Thursday, September 15, 2005

Franklin Delano Roosevelt once responded to a question about his planned agenda by stating that his administration would "try something; and, if it doesn't work try something else." Unfortunately, the current trend in governing seems to be more inclined to "try something and, even if it doesn't work, keep doing it." Surely it is not too much to expect that our elected representatives would actually examine the consequences of their actions and try to learn from their mistakes. Based on three recent examples, there may be some small hope of that occurring.

In July, Toyota announced that it was rejecting the more generous incentives offered by various American states and locating its new manufacturing plant in Woodstock, ON. New York Times columnist Paul Krugman wrote that the decision was a slap in the face to those who argue that "government is the problem, not the solution." Pointing out that Ontario's highly skilled workforce was a principle attraction to the company, Krugman also gives a large share of the credit to Canada's health care system.

Canada's other big selling point is its national health insurance system, which saves auto manufacturers large sums in benefit payments compared with their costs in the United States…. Funny, isn't it? Pundits tell us that the welfare state is doomed by globalization, that programs like national health insurance have become unsustainable. But Canada's universal health insurance system is handling international competition just fine. It's our own system, which penalizes companies that treat their workers well, that's in trouble. For now, let me just point out that treating people decently is sometimes a competitive advantage. In America, basic health insurance is a privilege; in Canada, it's a right. And in the auto industry, at least, the good jobs are heading north.

Of course, many Canadians would question Krugman's assessment that our health care system is "just fine" (although, from the point of view of most Americans, it must look pretty damn good). The cuts to health care and the trend towards privatization that have become de rigeur since the mid-1990s present a very real threat not only to our health, but also to our economy. If we want to keep attracting investment, we have to stop the creeping Americanization of health care.
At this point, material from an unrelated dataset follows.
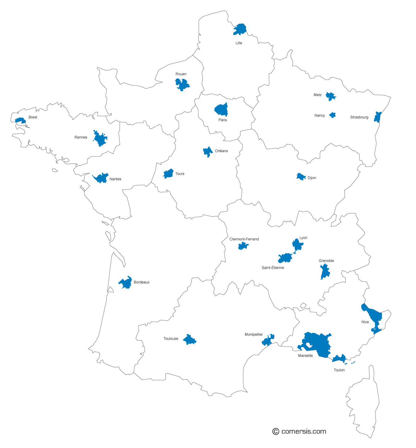 Carte de france et ses villes.

A surprising report release last week TD Bank also offers a lesson to governments, should governments be prepared to listen. The report, prepared by TD Economics on behalf of the Task Force for Modernizing Income Security for Working Age Adults, notes that "While Canadian governments have made great strides in recent years in improving the financial security of children and senior citizens, the needs of low-income working age adults have been comparatively neglected. There is overwhelming evidence that current policies and programs do little to support adults in gaining economic independence and forming a stable attachment to the labour force - and, in some cases, run contrary to this objective."

Don Drummond, Senior Vice President and Chief Economist of TD Bank Financial Group, was critical of the "reforms" made by the Harris government. "The provincial government defended the measures on the grounds that they would help nudge more adults into workforce, thereby laying the groundwork for a more enduring solution to the problem of poverty. But, while welfare caseloads did fall in the ensuing years, a closer look at the data suggests the real driver was fewer people being able to get on welfare - not the intended exodus of welfare recipients into the workforce."
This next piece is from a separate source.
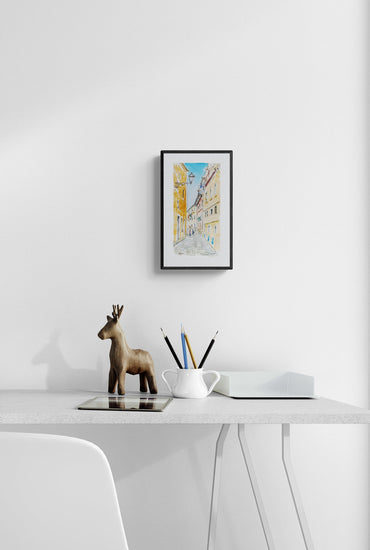 The artist's adept use of perspective draws the viewer's eye through the meandering path, as figures walk towards a distant vanishing point. The traditional lantern hanging from the wall adds a quaint touch, enhancing the European vibe of this picturesque scene. The painting's luminous and transparent watercolor technique enhances its airy and light atmosphere, making it an evocative piece for any lover of urban landscapes.
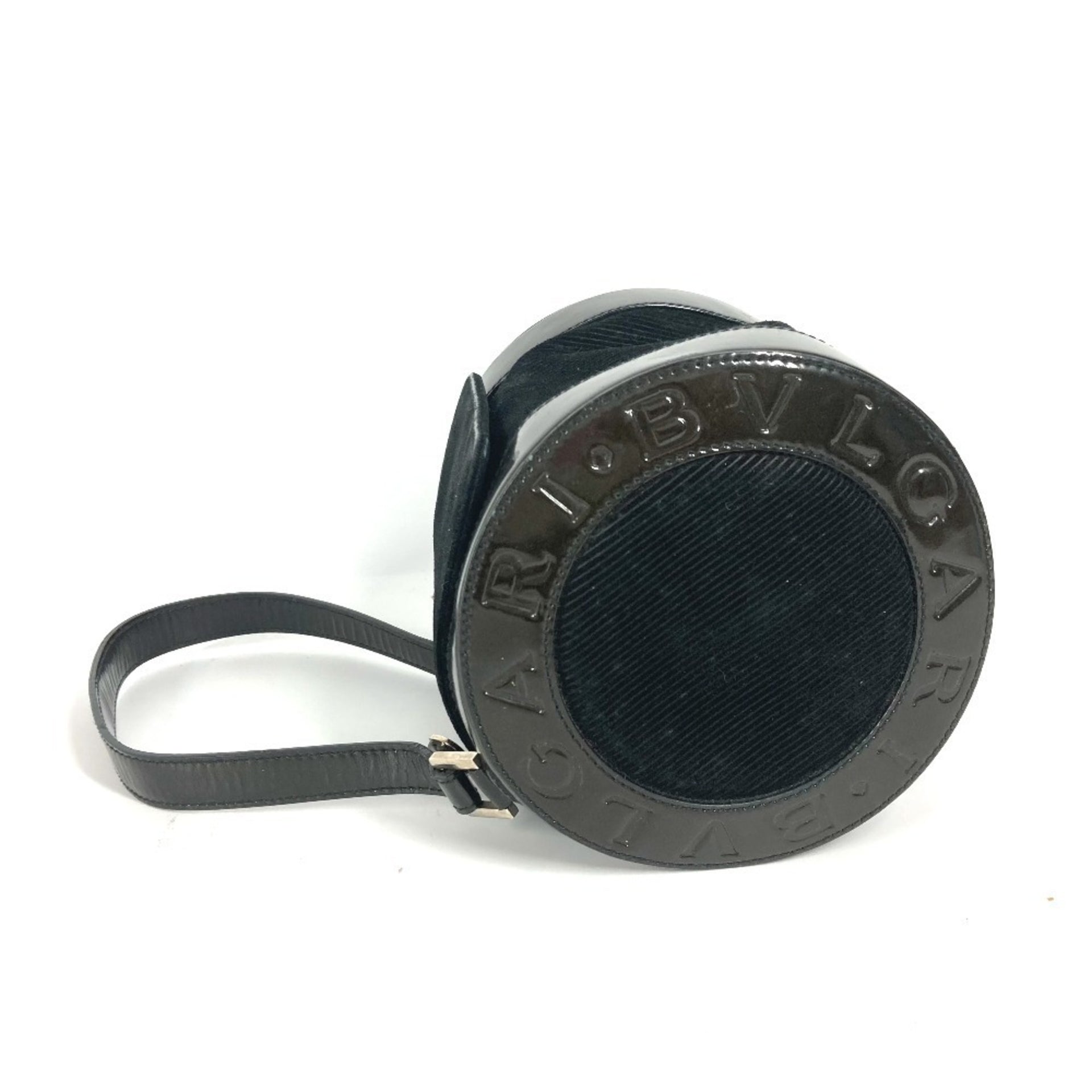 BVLGARI B-ZERO1 Logomania Drum Cylindrical Bag Shoulder Handbag Suede Enamel Women\'s Black

Remember, this is the TD Bank talking, right from the corner of King and Bay. When even Bay Street is telling governments that their welfare system is punitive and counter-productive, it seems possible that maybe, just maybe, governments will listen.

The third and perhaps most obvious example is the devastation caused by Hurricane Katrina. While there is evidence to suggest that global warming may be responsible for the statistical increase in the number and severity of hurricanes, it has been the response to the disaster that has generated considerable hope for a turnaround in American politics. For example, even Lt. Gen. Steven Blum, chief of the National Guard Bureau, has said that the fact that most of the National Guard members from Mississippi and Louisiana (along with thousands of helicopters which could have been used for the rescue mission) are currently deployed in Iraq held back the response time by days. "Had that brigade been at home and not in Iraq, their expertise and capabilities could have been brought to bear," said Blum.
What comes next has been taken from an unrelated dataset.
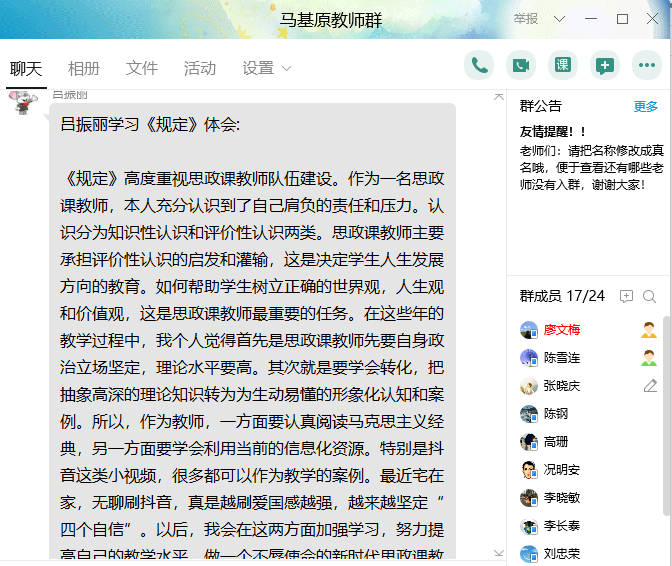 学习讨论结束后,各教研室还开展了集体备课。针对疫情期间线上教学情况,大家就线上课程教学中的做法、心得、亮点,目前的教学进度、专题教学中的重难点,以及线上教学中存在的困难和问题进行了深入交流,分享了开展经典文献阅读、深化课堂学习、布置平时作业、拓展学习内容等经验做法。

Moreover, the resources that could have been used to shore up the levees (the ones that President Bush tried - not very successfully - to argue that "no one" foresaw being breached) have been squandered on a war that has made life worse in Iraq while doing nothing to stop terrorism. They've also been squandered on tax cuts. In the aftermath of the hurricane, Americans are now openly talking about issues of race, of class and of income distribution. And, equally importantly, the media are actually starting to ask questions for the first time since the Bush's election, er, appointment as President.

While I have no illusions about Bush and his administration changing their mind about what they want to do in office, I'm growing hopeful that growing public pressure will at least force them to act differently. That would the next best thing to an actual lesson learned.